• _Supplied material_:
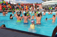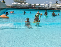 бассейны чистые. теплые. лежаков полно. но лучше занимать до 10ч. бассейн с волнами включают 2 раза в день на пол часика.
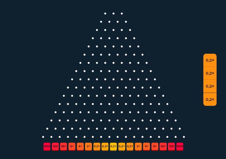 Z wierzchołka piramidy spada określona przez Ciebie liczba kulek. Kulki uderzają w kołki w piramidzie i trafiają na jeden z kwadratów na dole. Każdy z tych kwadratów reprezentuje mnożnik. Im dalej kwadrat znajduje się od centrum, tym wyższy jest jego mnożnik.
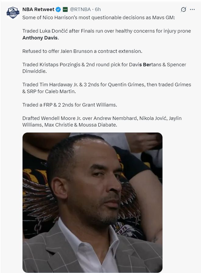 美媒HR写道:我真的不知道哈里森是如何留在独行侠GM任上这么久的,他活生生送走了一套夺冠阵容:布伦森、东契奇、格兰姆斯、小琼斯、波尔津吉斯。

• _Prompt_:
Before you return the listing exactly, strip out its pictures.

• _Task output_:
 бассейны чистые. теплые. лежаков полно. но лучше занимать до 10ч. бассейн с волнами включают 2 раза в день на пол часика.
 Z wierzchołka piramidy spada określona przez Ciebie liczba kulek. Kulki uderzają w kołki w piramidzie i trafiają na jeden z kwadratów na dole. Każdy z tych kwadratów reprezentuje mnożnik. Im dalej kwadrat znajduje się od centrum, tym wyższy jest jego mnożnik.
 美媒HR写道:我真的不知道哈里森是如何留在独行侠GM任上这么久的,他活生生送走了一套夺冠阵容:布伦森、东契奇、格兰姆斯、小琼斯、波尔津吉斯。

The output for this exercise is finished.